Alice Step 1 — an issue of law based on underlying facts

            The decision the other day in Cardionet, LLC et al. v. Infobionic, Inc. is significant.  The decision solidifies that the Alice Step 1 inquiry is an issue of law based on underlying facts. Just as the Berkheimer case did a few years ago — stating that Alice Step 2 is an issue of law based on underlying facts — the Cardionet decision should breathe a little bit of sanity into future patent eligibility decisions by the Federal Circuit, district courts, and the Patent Office.

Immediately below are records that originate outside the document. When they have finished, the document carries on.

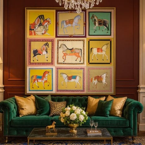 Artmaison eksklusiv, lavet i Italien, sjældent jacquard-tapet i grøn kashmir og bomuld med en hjort og en unge i skoven, måler 185 × 140 cm, i ny stand. Klik på den blå "gå til varen" knap, for at købe eller byde på denne vare. Den samlede pris vil blive vist inden du afgiver dit bud.
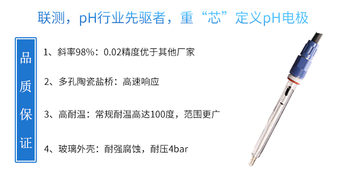 聯測pH5018電極敏感區域大、抗機械沖擊強,耐溫100度。該電極能廣泛用于微生物技術、制藥、食品飲料、制糖,包括氯堿、采礦冶煉、造紙、紙漿、紡織品、石油化工、半導體電子工業等各種化工流程及廢水處理等領域。
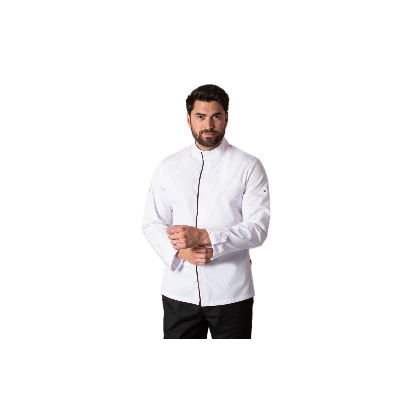La Jaqueta de Cuina ANDREU de Gary's ofereix elegància i funcionalitat amb el seu disseny de màniga llarga "roll up", teixit tècnic AEROSILVER i tancament de botons ocults. Confeccionada en sarja duradora, garanteix comoditat i estil a la cuina.
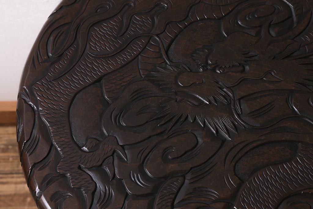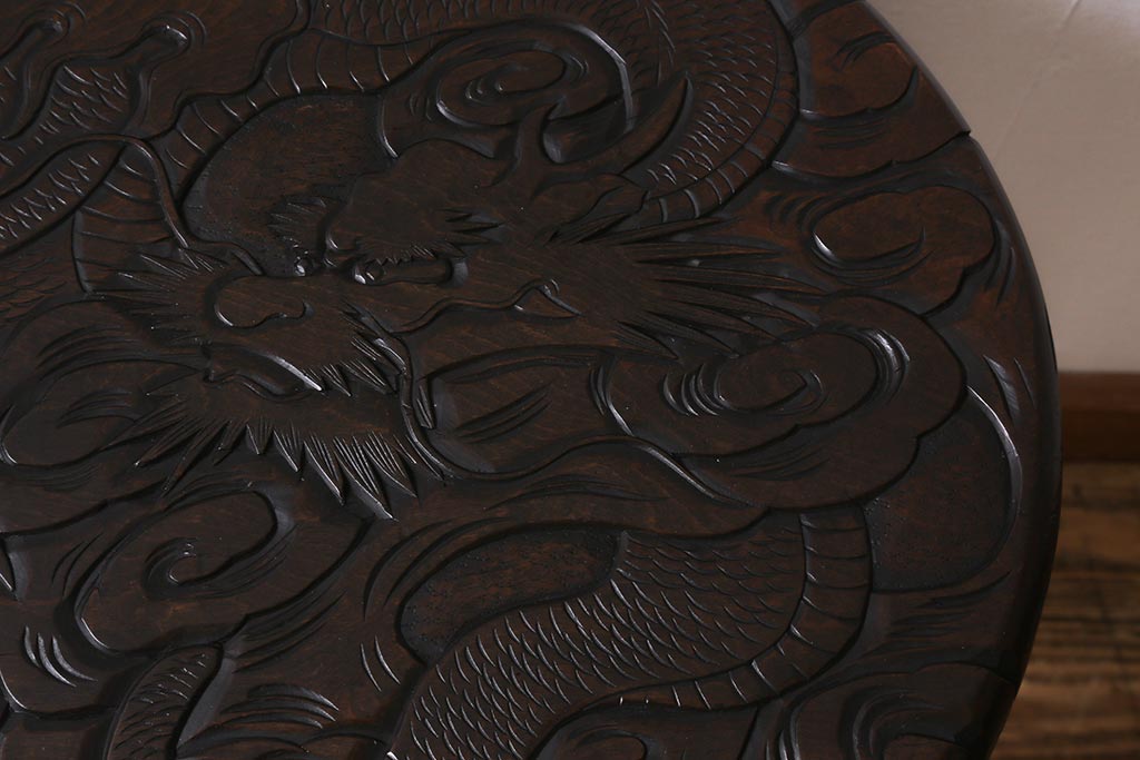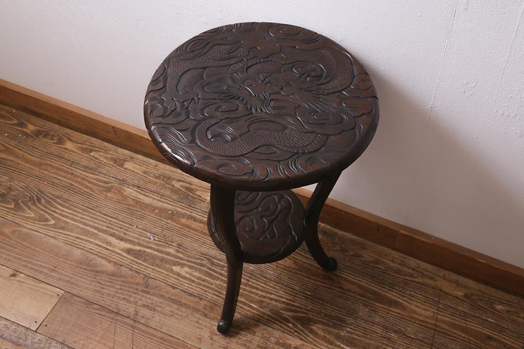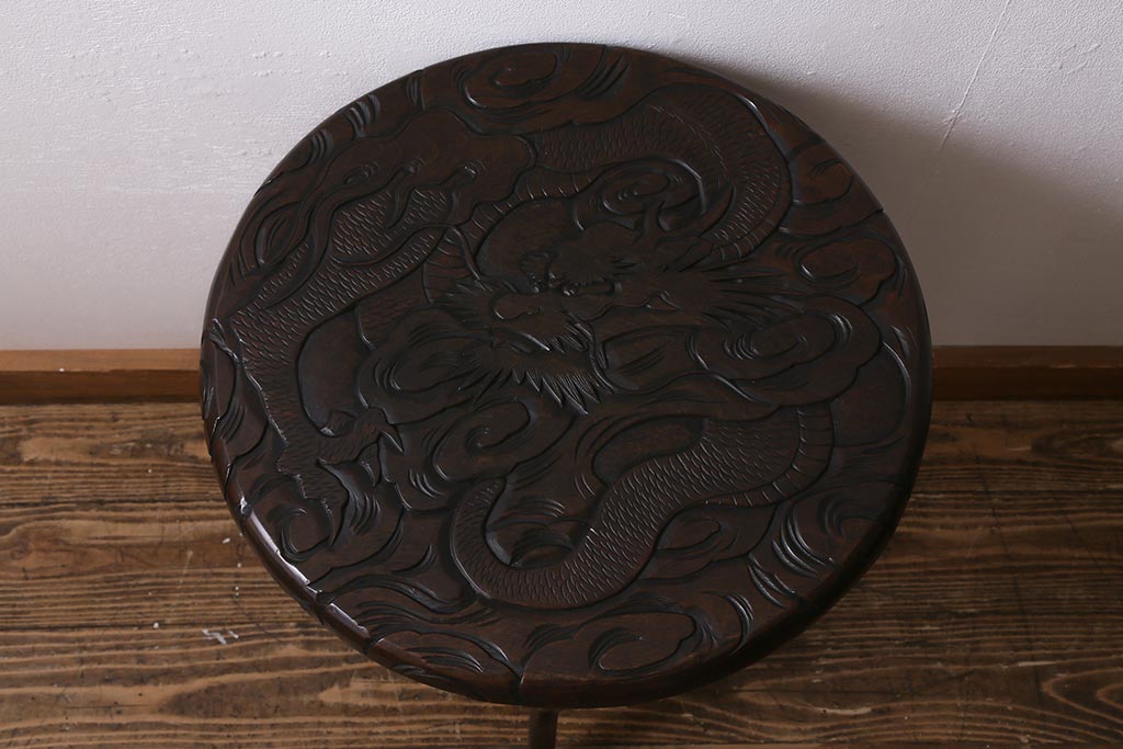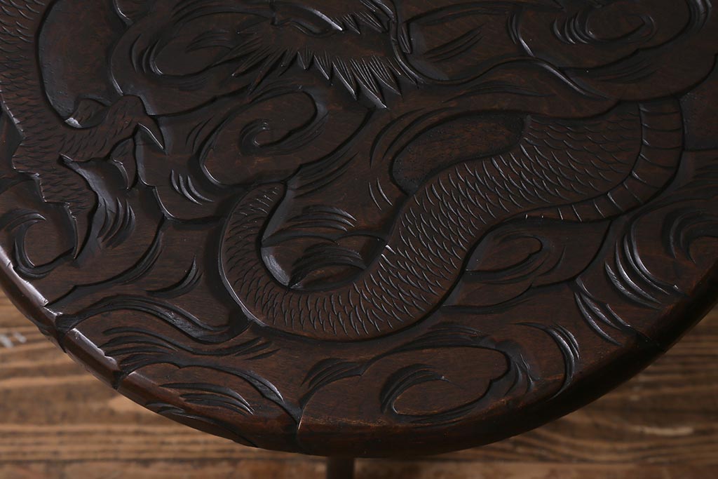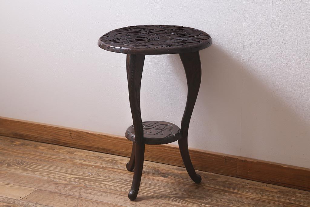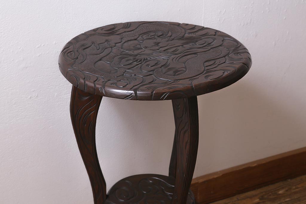 テーブル> 丸テーブル > 中古 伝統工芸 日光彫り 龍雲図 迫力ある彫刻のサイドテーブル(花台、飾り台)(R-039721)

            The appeal in Cardionet stems from a ruling by a district court judge on a 12(b)(6) motion. Apparently, the district court judge ruled that the claims were abstract ideas and granted the motion.  The majority in Cardionet looked to the intrinsic evidence of the written description of the patent-at-issue to determine if there were any asserted advantages provided by the claimed invention.  In doing so, the panel found several advantages recited in that patent’s written description.  Normally, one would consider a patent’s written description to be intrinsic evidence in a case.  The Cardionet majority also cited Visual Memory v. Nvidia for drawing factual inferences from a patent’s written description (specification): “Weighing ‘all factual inferences drawn from the specification . . . in favor of Visual Memory, the non-moving party,’ we reversed the district court’s decision that the claims were ineligible.” Slip Opinion at 15.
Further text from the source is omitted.